[DESCRIPTION OF THE TASK]: Would you reproduce the data below exactly, please, leaving out its images?

=== INFORMATION PROVIDED ===

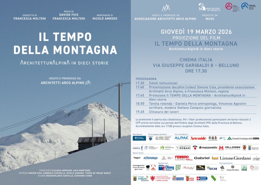 La prima nazionale è andata in scena a Milano, lo scorso 5 marzo 2026, in una collocazione simbolica tra la conclusione dei Giochi Olimpici e l’avvio delle Paralimpiadi invernali, ora il film arriva a Belluno il prossimo 19 marzo: l’appuntamento è alle ore 17.30 al Cinema Italia, seguirà una tavola rotonda dedicata al rapporto tra architettura, paesaggio e comunità di montagna. L’evento realizzato grazie al contributo del Consorzio Bim Piave di Belluno, vedrà la partecipazione dell’antropologa Daniela Perco, già direttrice del Museo Etnografico Dolomiti e studiosa delle culture alpine e dello scrittore Vincenzo Agostini, autore di testi dedicati al rapporto tra uomo, montagna e immaginario collettivo.
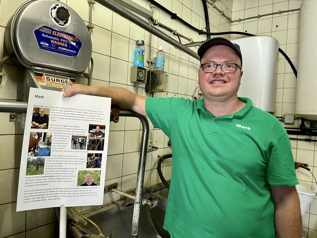 Het liefst gaat Mark mee naar de koeienkeuring, ook daar heeft hij zijn eigen werkzaamheden en geniet hij van de gezelligheid. De keuring in Leeuwarden zou hij voor geen goud willen missen.
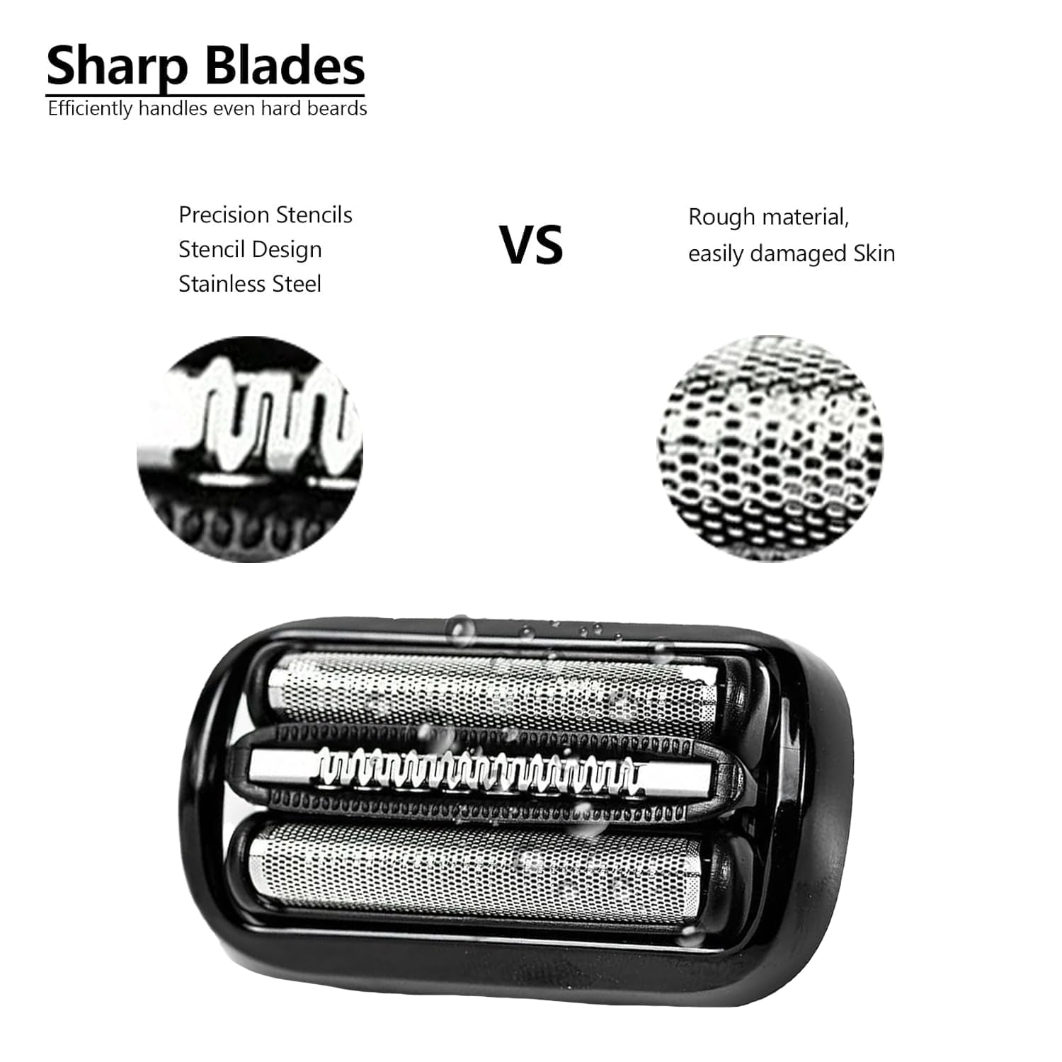 - PERFECT DESIGN - 53B replacement head for braun series 5/6 electric shaver is designed with stainless steel mesh, which can perfectly fit your skin and work without harming your skin, so that you can have a good using experience.
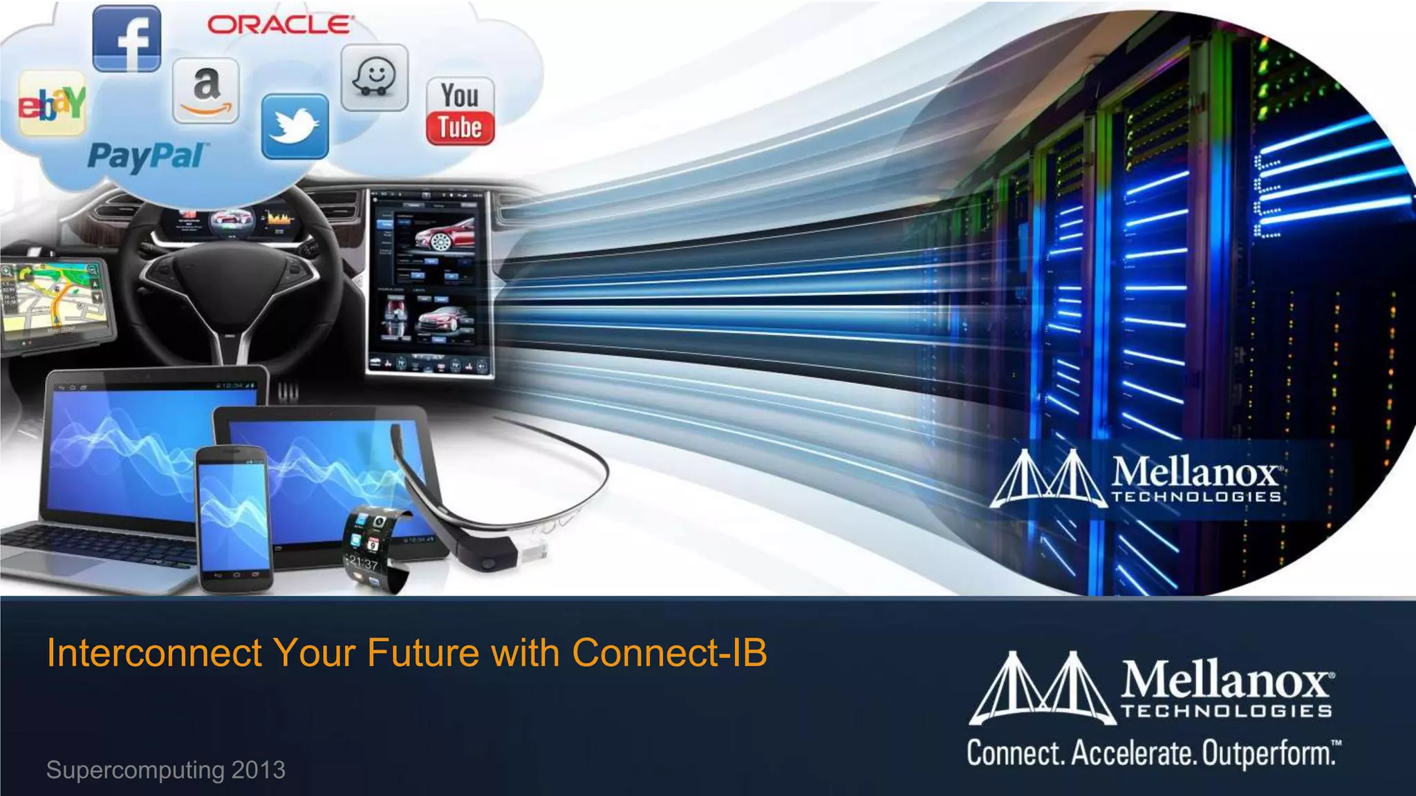 Mellanox provides end-to-end interconnect solutions including ICs, adapter cards, switches, software, and cables to connect data centers, metro areas, and WANs. Mellanox's Connect-IB adapters deliver the highest performance and ROI for clustering, with the world's first 100Gb/s adapter card and a 4x increase in messages per second over competitors. Connect-IB also provides the highest application performance, with up to 200% faster performance than competitors for WIEN2k and 54% faster performance for WRF simulations. Mellanox's GPUDirect RDMA technology further accelerates GPU-GPU communication with 69% lower latency and 3x higher throughput between nodes.
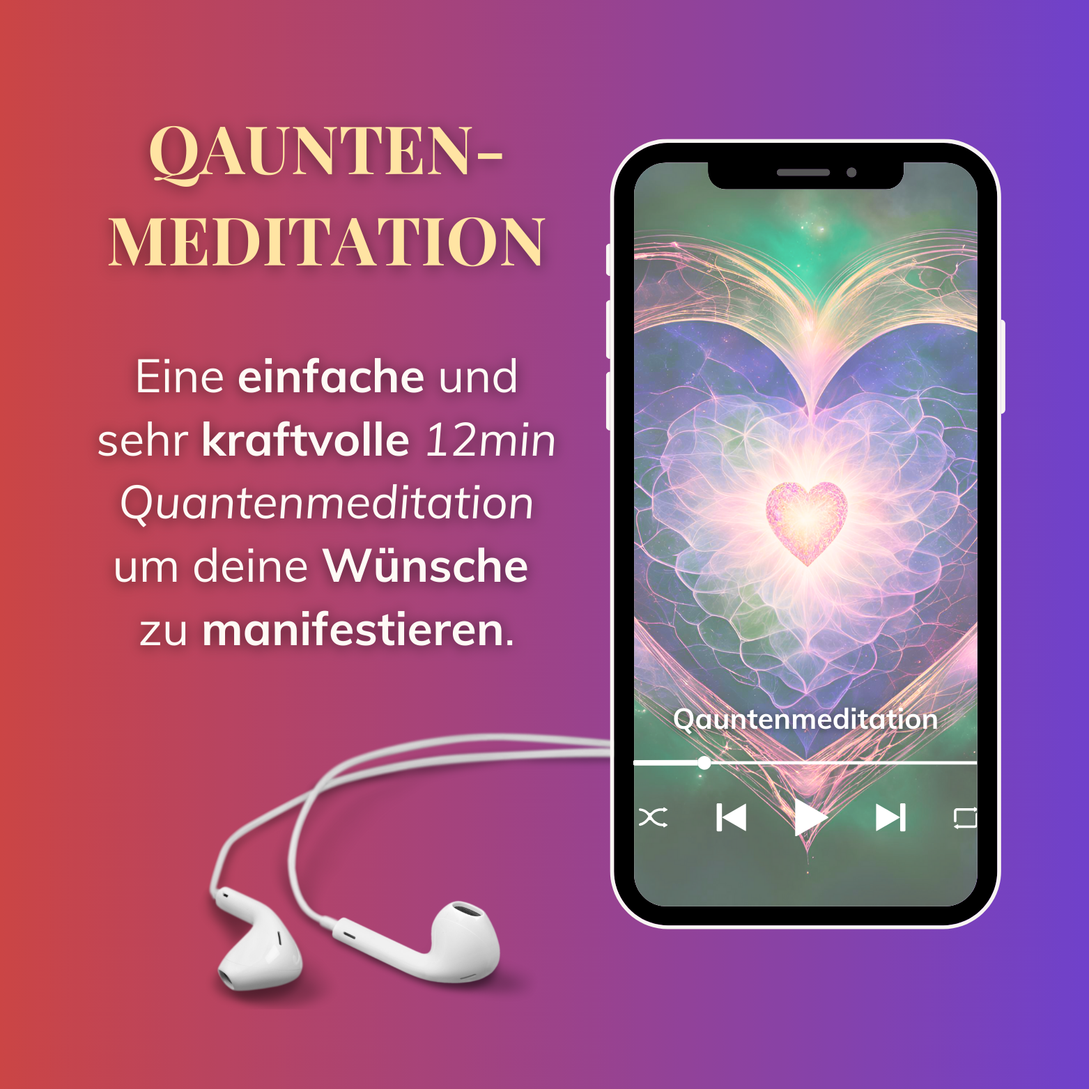 Entdecke die transformative Kraft der 12-minütigen Quantenmeditation, die speziell darauf ausgerichtet ist, deine tiefsten Wünsche zu manifestieren. Tauche in das Quantenfeld ein, einen Raum unendlicher Möglichkeiten, und visualisiere deine spezifischen Ziele. Durch wiederholtes Eintauchen in dieses Feld und das intensive Erleben deines Wunsches im Körper verstärkst du die Energie und Manifestation.

===

[FINISHED TASK]:
 La prima nazionale è andata in scena a Milano, lo scorso 5 marzo 2026, in una collocazione simbolica tra la conclusione dei Giochi Olimpici e l’avvio delle Paralimpiadi invernali, ora il film arriva a Belluno il prossimo 19 marzo: l’appuntamento è alle ore 17.30 al Cinema Italia, seguirà una tavola rotonda dedicata al rapporto tra architettura, paesaggio e comunità di montagna. L’evento realizzato grazie al contributo del Consorzio Bim Piave di Belluno, vedrà la partecipazione dell’antropologa Daniela Perco, già direttrice del Museo Etnografico Dolomiti e studiosa delle culture alpine e dello scrittore Vincenzo Agostini, autore di testi dedicati al rapporto tra uomo, montagna e immaginario collettivo.
 Het liefst gaat Mark mee naar de koeienkeuring, ook daar heeft hij zijn eigen werkzaamheden en geniet hij van de gezelligheid. De keuring in Leeuwarden zou hij voor geen goud willen missen.
 - PERFECT DESIGN - 53B replacement head for braun series 5/6 electric shaver is designed with stainless steel mesh, which can perfectly fit your skin and work without harming your skin, so that you can have a good using experience.
 Mellanox provides end-to-end interconnect solutions including ICs, adapter cards, switches, software, and cables to connect data centers, metro areas, and WANs. Mellanox's Connect-IB adapters deliver the highest performance and ROI for clustering, with the world's first 100Gb/s adapter card and a 4x increase in messages per second over competitors. Connect-IB also provides the highest application performance, with up to 200% faster performance than competitors for WIEN2k and 54% faster performance for WRF simulations. Mellanox's GPUDirect RDMA technology further accelerates GPU-GPU communication with 69% lower latency and 3x higher throughput between nodes.
 Entdecke die transformative Kraft der 12-minütigen Quantenmeditation, die speziell darauf ausgerichtet ist, deine tiefsten Wünsche zu manifestieren. Tauche in das Quantenfeld ein, einen Raum unendlicher Möglichkeiten, und visualisiere deine spezifischen Ziele. Durch wiederholtes Eintauchen in dieses Feld und das intensive Erleben deines Wunsches im Körper verstärkst du die Energie und Manifestation.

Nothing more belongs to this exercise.